• **Exercise instructions**: Exact transcription begins at the first line of the material below and ends with the line holding "为进一步调动麻醉学院2017"; pictures are skipped.

• **Dataset content**:
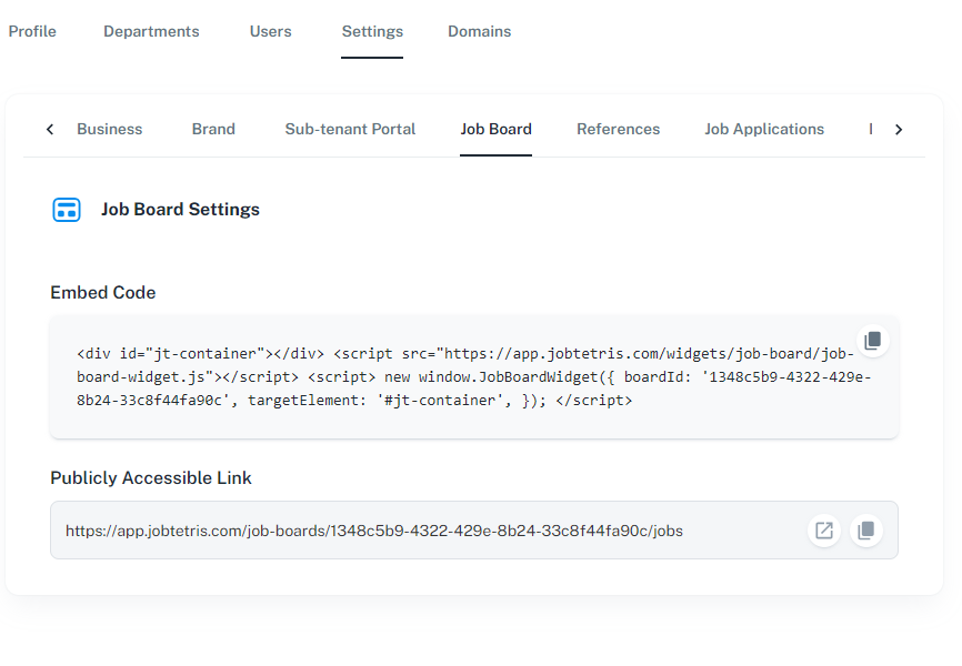 Make it simple for candidates to find and apply for your roles. With JobTetris, you can embed your branded job board directly into your company website, with no coding and no hassle.
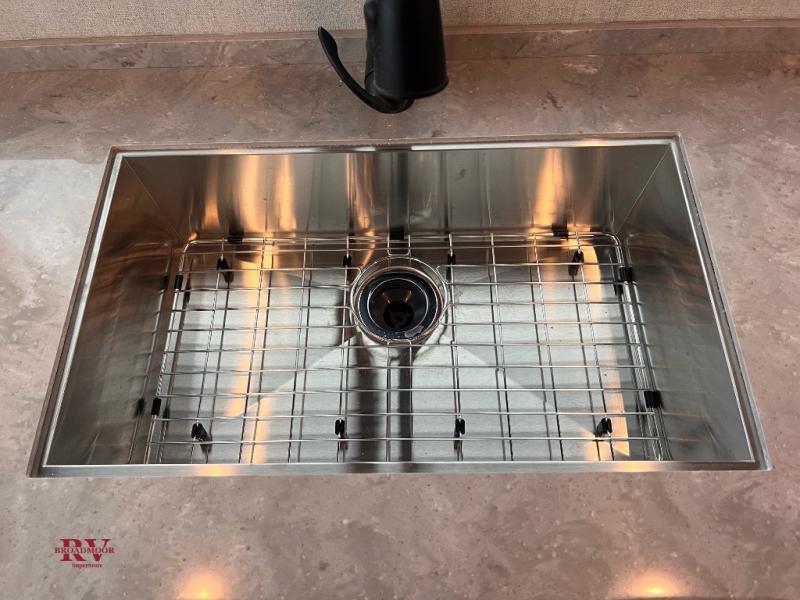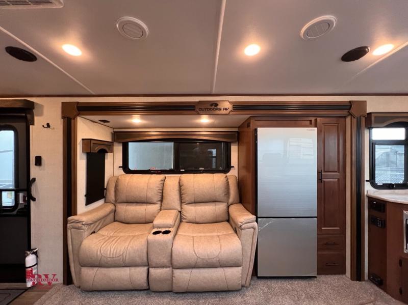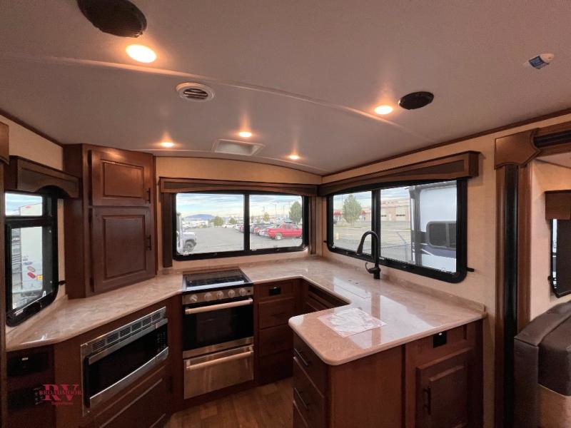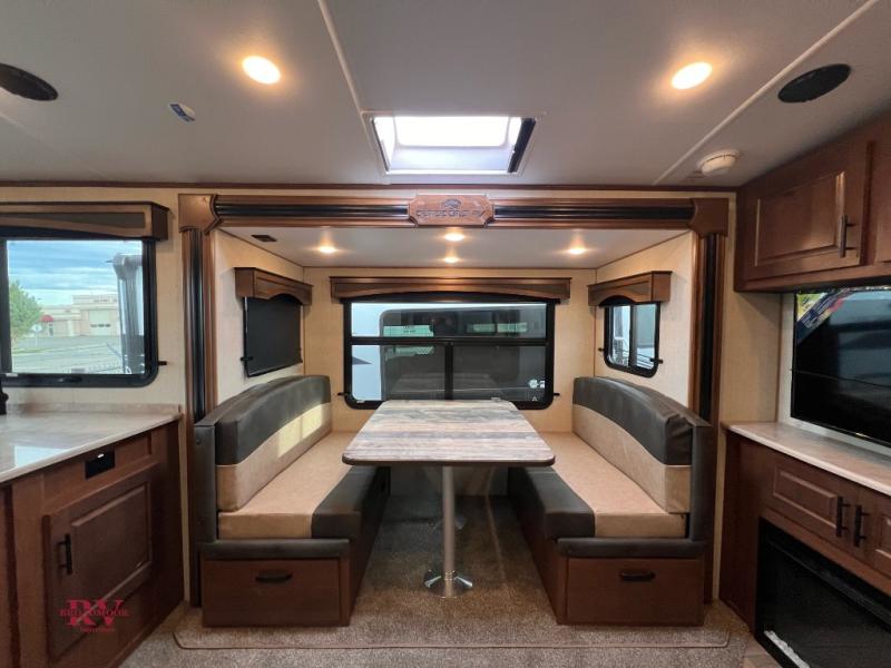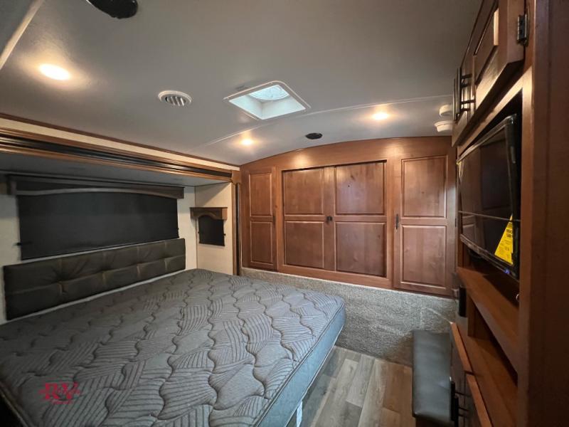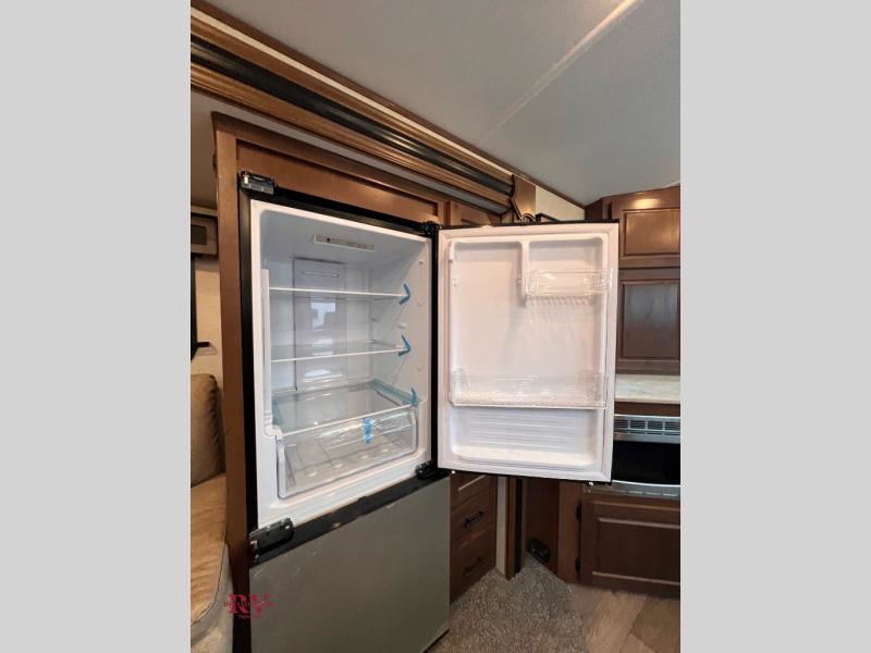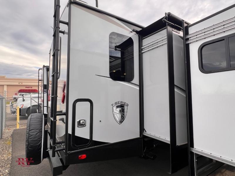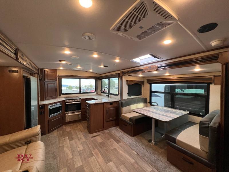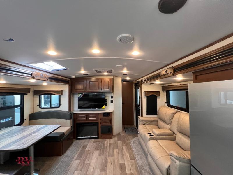 One step inside this roomy travel trailer and you'll be hooked! Your crew will love to visit in the main living area that includes dual opposing slides for tons of space, and there is a residential sofa with built-in recliners here to relax. The mountain dinette with a skylight will be the perfect place for a game of cards, and don't overlook the swing-out 40" TV here as well. This model has abundant counter space in the rear kitchen and plenty of windows to take in the outdoor views as you cook. A dual entry bath is super convenient to have, and the front master bedroom will have you feeling right at home. Here, you'll find a queen bed slide out, a large front closet, plus a bench hamper to keep your space tidy.
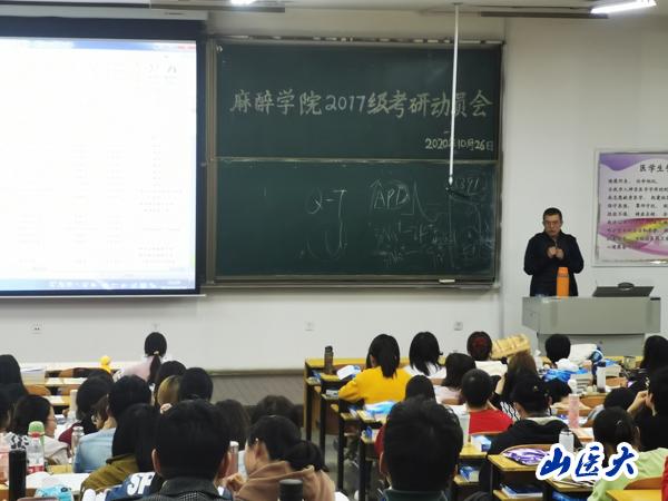 为进一步调动麻醉学院2017级学生考研积极性,力求在2022年研究生入学考试中有新的突破,10月26日晚,麻醉学院在迎泽校区20教召开2017级本科生2022年考研动员主题班会。班会邀请了生理学教师刘忠宝为大家进行考研复习指导与答疑,麻醉学院2017级辅导员王斌以及2017级全体本科生参加了班会。班会由王斌主持。
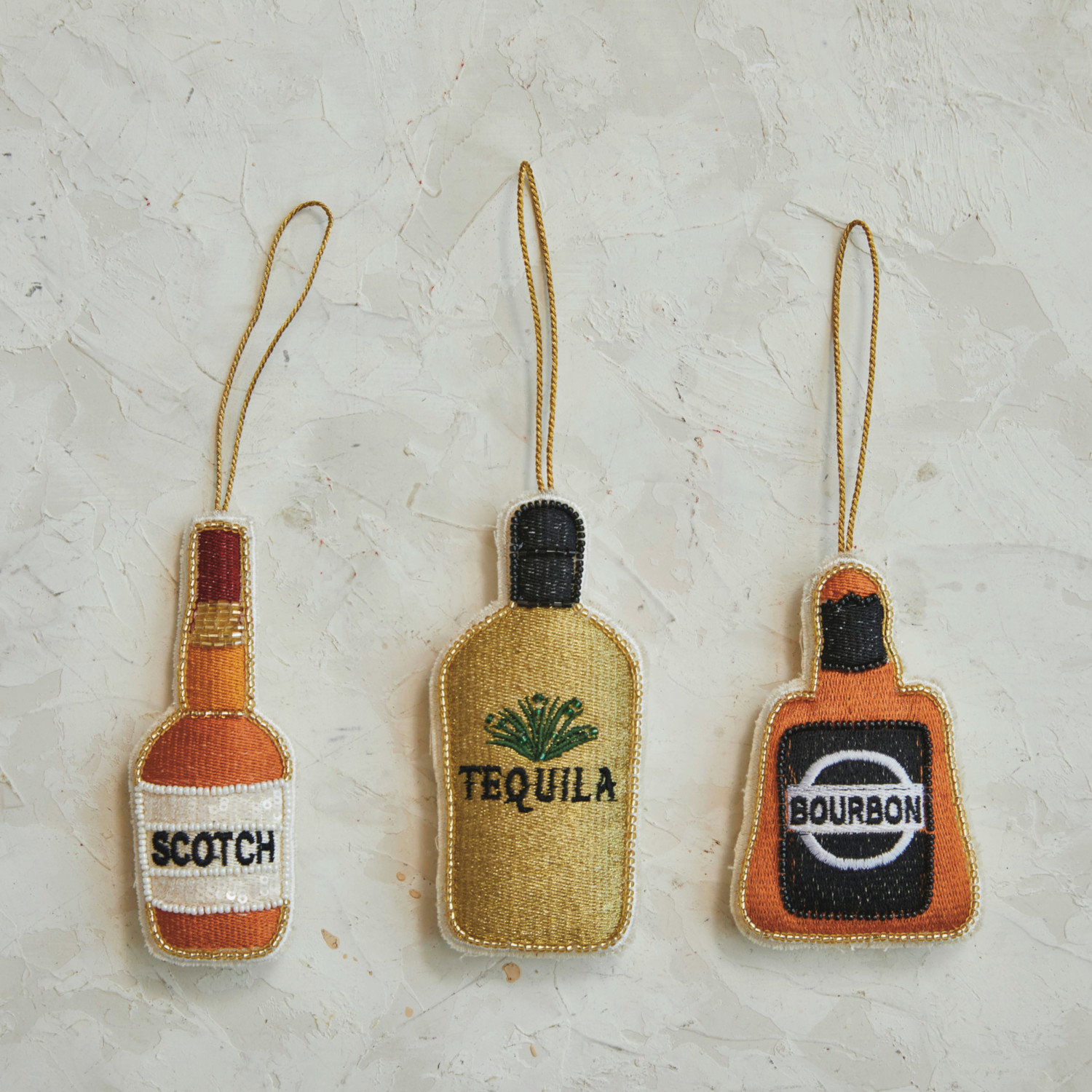 This cotton blend "Tequila" bottle ornament is a whimsical nod to festive celebrations. Adorned with glass beads and embroidery, it features a rich palette of gold, black, and green, capturing the essence of a fine spirit. Measuring 2.25 inches long and 4.75 inches high, it's the perfect size to make a statement on the tree or as part of a decorative display. Whether it's bringing a smile to the holiday decor or serving as a quirky gift for a friend, this ornament is sure to be a conversation starter. A spirited addition to any celebration, this ornament mimics a tequila bottle, complete with intricate glass beadwork and embroidery in gold, black, and green. An ideal gift for the connoisseur, it's perfect for adding a touch of cheer to holiday gatherings or as a novelty for a home bar. Ideal for festive occasions or as a unique kitchen accent, this ornament brings a fun twist to traditional decor.

• **Solution**:
 Make it simple for candidates to find and apply for your roles. With JobTetris, you can embed your branded job board directly into your company website, with no coding and no hassle.
 One step inside this roomy travel trailer and you'll be hooked! Your crew will love to visit in the main living area that includes dual opposing slides for tons of space, and there is a residential sofa with built-in recliners here to relax. The mountain dinette with a skylight will be the perfect place for a game of cards, and don't overlook the swing-out 40" TV here as well. This model has abundant counter space in the rear kitchen and plenty of windows to take in the outdoor views as you cook. A dual entry bath is super convenient to have, and the front master bedroom will have you feeling right at home. Here, you'll find a queen bed slide out, a large front closet, plus a bench hamper to keep your space tidy.
 为进一步调动麻醉学院2017级学生考研积极性,力求在2022年研究生入学考试中有新的突破,10月26日晚,麻醉学院在迎泽校区20教召开2017级本科生2022年考研动员主题班会。班会邀请了生理学教师刘忠宝为大家进行考研复习指导与答疑,麻醉学院2017级辅导员王斌以及2017级全体本科生参加了班会。班会由王斌主持。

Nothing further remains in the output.